Thu Oct 27 08:05:21 UTC 2016
Larry Martell <larry.martell at gmail.com>

On Thu, Oct 27, 2016 at 1:03 AM, Larry Martell <larry.martell at gmail.com> wrote:
> On Wed, Oct 26, 2016 at 9:35 AM, Matt Garman <matthew.garman at gmail.com> wrote:
>> On Tue, Oct 25, 2016 at 7:22 PM, Larry Martell <larry.martell at gmail.com> wrote:
>>> Again, no machine on the internal network that my 2 CentOS hosts are
>>> on are connected to the internet. I have no way to download anything.,
>>> There is an onerous and protracted process to get files into the
>>> internal network and I will see if I can get netperf in.
>>
>> Right, but do you have physical access to those machines?  Do you have
>> physical access to the machine which on which you use PuTTY to connect
>> to those machines?  If yes to either question, then you can use
>> another system (that does have Internet access) to download the files
>> you want, put them on a USB drive (or burn to a CD, etc), and bring
>> the USB/CD to the C6/C7/PuTTY machines.
>
> This site is locked down like no other I have ever seen. You cannot
> bring anything into the site - no computers, no media, no phone. You
> have to empty your pockets and go through an airport type naked body
> scan.
>
>> There's almost always a technical way to get files on to (or out of) a
>> system.  :)  Now, your company might have *policies* that forbid
>> skirting around the technical measures that are in place.
>
> This is my client's client, and even if I could circumvent their
> policy I would not do that.
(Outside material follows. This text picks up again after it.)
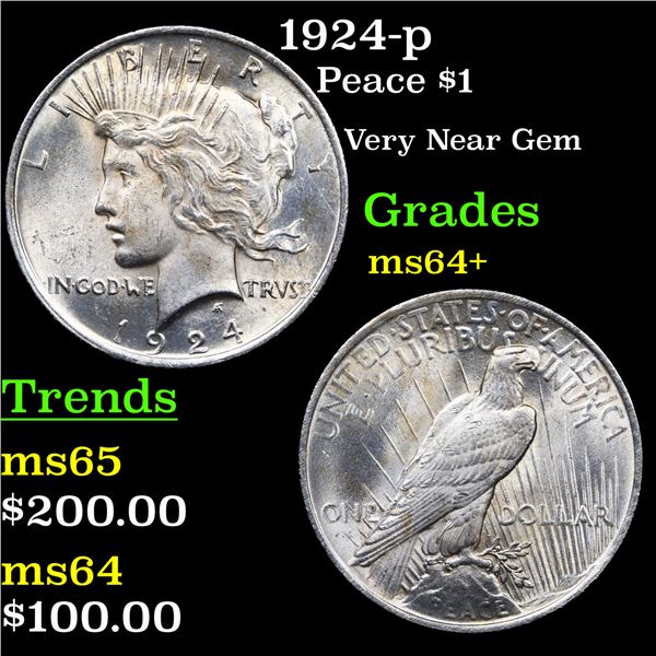 1924-p Peace Dollar $1 Grades Choice+ Unc

They have a zero tolerance policy and if
> you are caught violating it you are banned for life from the company.
> And that would not make my client happy.
>
>> Here's another way you might be able to test network connectivity
>> between C6 and C7 without installing new tools: see if both machines
>> have "nc" (netcat) installed.  I've seen this tool referred to as "the
>> swiss army knife of network testing tools", and that is indeed an apt
>> description.  So if you have that installed, you can hit up the web
>> for various examples of its use.  It's designed to be easily scripted,
>> so you can write your own tests, and in theory implement something
>> similar to netperf.
>>
>> OK, I just thought of another "poor man's" way to at least do some
>> sanity testing between C6 and C7: scp.  First generate a huge file.
>> General rule of thumb is at least 2x the amount of RAM in the C7 host.
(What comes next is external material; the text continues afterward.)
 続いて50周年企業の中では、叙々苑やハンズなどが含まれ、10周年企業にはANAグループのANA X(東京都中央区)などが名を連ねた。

>> You could create a tarball of /usr, for example (e.g. "tar czvf
>> /tmp/bigfile.tar.gz /usr" assuming your /tmp partition is big enough
>> to hold this).  Then, first do this: "time scp /tmp/bigfile.tar.gz
>> localhost:/tmp/bigfile_copy.tar.gz".  This will literally make a copy
>> of that big file, but will route through most of of the network stack.
>> Make a note of how long it took.  And also be sure your /tmp partition
>> is big enough for two copies of that big file.
>>
>> Now, repeat that, but instead of copying to localhost, copy to the C6
>> box.  Something like: "time scp /tmp/bigfile.tar.gz <IP address of C6
>> host>:/tmp/".  Does the time reported differ greatly from when you
>> copied to localhost?  I would expect them to be reasonably close.
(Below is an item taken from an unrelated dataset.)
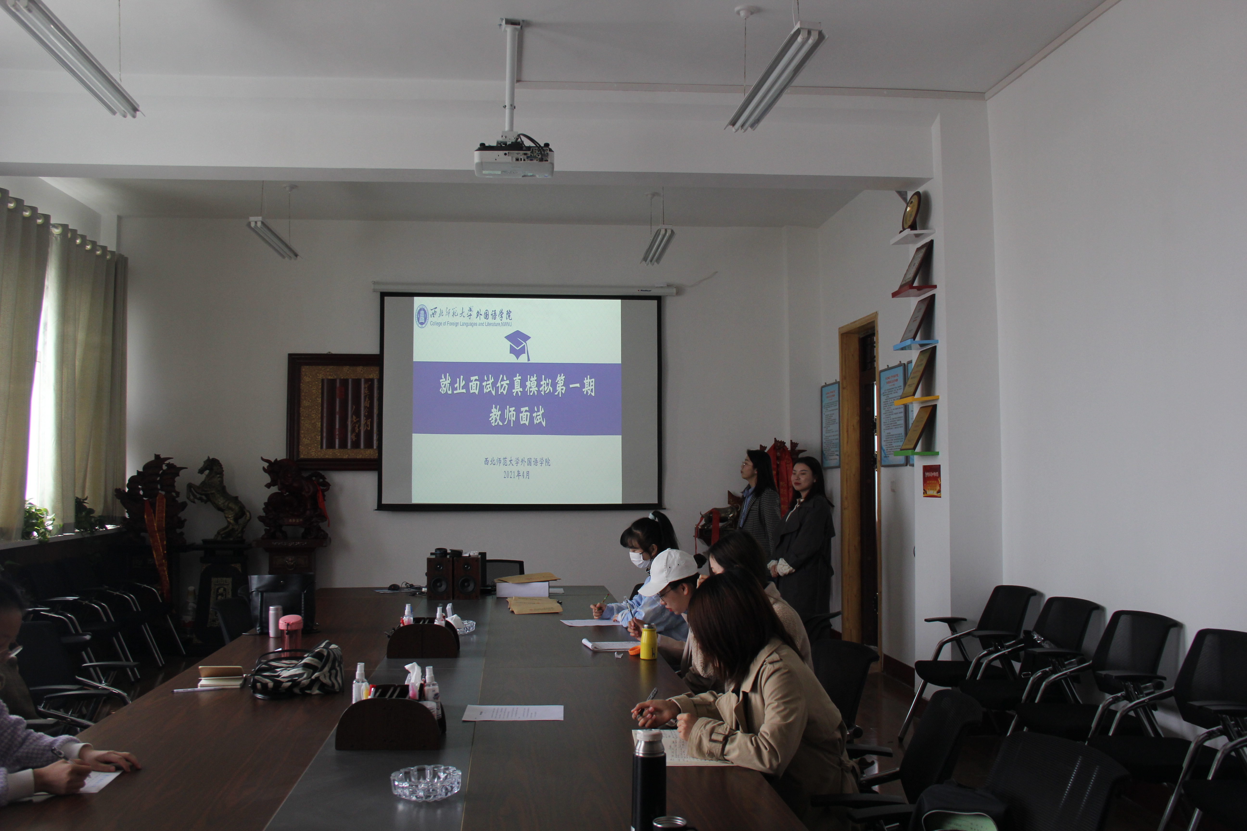 为进一步增强员工就业意识,锻炼就业能力,积累就业经验,2021年4月7日下午3:00,金年会金字招牌诚信至上在教学3号楼806教室举办了“就业面试仿真模拟第一期——教师面试”活动。本次活动由公司教师李红霞、薛小梅、陈倩、党莉莉、董霄朦担任评委。公司研究生和本科生约120余人观摩了本次模拟面试。

>> (And this is another reason why you want a fairly large file, so the
>> transfer time is dominated by actual file transfer, rather than the
>> overhead.)
>>
>> Lastly, do the reverse test: log in to the C6 box, and copy the file
>> back to C7, e.g. "time scp /tmp/bigfile.tar.gz <IP of C7
>> host>:/tmp/bigfile_copy2.tar.gz".  Again, the time should be
>> approximately the same for all three transfers.  If either or both of
>> the latter two copies take dramatically longer than the first, then
>> there's a good chance something is askew with the network config
>> between C6 and C7.
>>
>> Oh... all this time I've been jumping to fancy tests.  Have you tried
>> the simplest form of testing, that is, doing by hand what your scripts
>> do automatically?  In other words, simply try copying files between C6
>> and C7 using the existing NFS config?  Can you manually trigger the
>> errors/timeouts you initially posted?  Is it when copying lots of
>> small files?  Or when you copy a single huge file?  Any kind of file
>> copying "profile" you can determine that consistently triggers the
>> error?  That could be another clue.
>
> These are all good debugging techniques, and I have tried some of
> them, but I think the issue is load related. There are 50 external
> machines ftp-ing to the C7 server, 24/7, thousands of files a day. And
> on the C6 client the script that processes them is running
> continuously. It will sometimes run for 7 hours then hang, but it has
> run for as long as 3 days before hanging. I have never been able to
> reproduce the errors/hanging situation manually.
>
> And again, this is only at this site. We have the same software
> deployed at 10 different sites all doing the same thing, and it all
> works fine at all of those.

Well I spoke too soon. The importer (the one that was initially
hanging that I came here to fix) hung up after running 20 hours. There
were no NFS errors or messages on neither the client nor the server.
When I restarted it, it hung after 1 minute, Restarted it again and it
hung after 20 seconds. After that when I restarted it it hung
immediately. Still no NFS errors or messages. I tried running the
process on the server and it worked fine. So I have to believe this is
related to nobarrier. Tomorrow I will try removing that setting, but I
am no closer to solving this and I have to leave Japan Saturday :-(

The bad disk still has not been replaced - that is supposed to happen
tomorrow, but I won't have enough time after that to draw any
conclusions.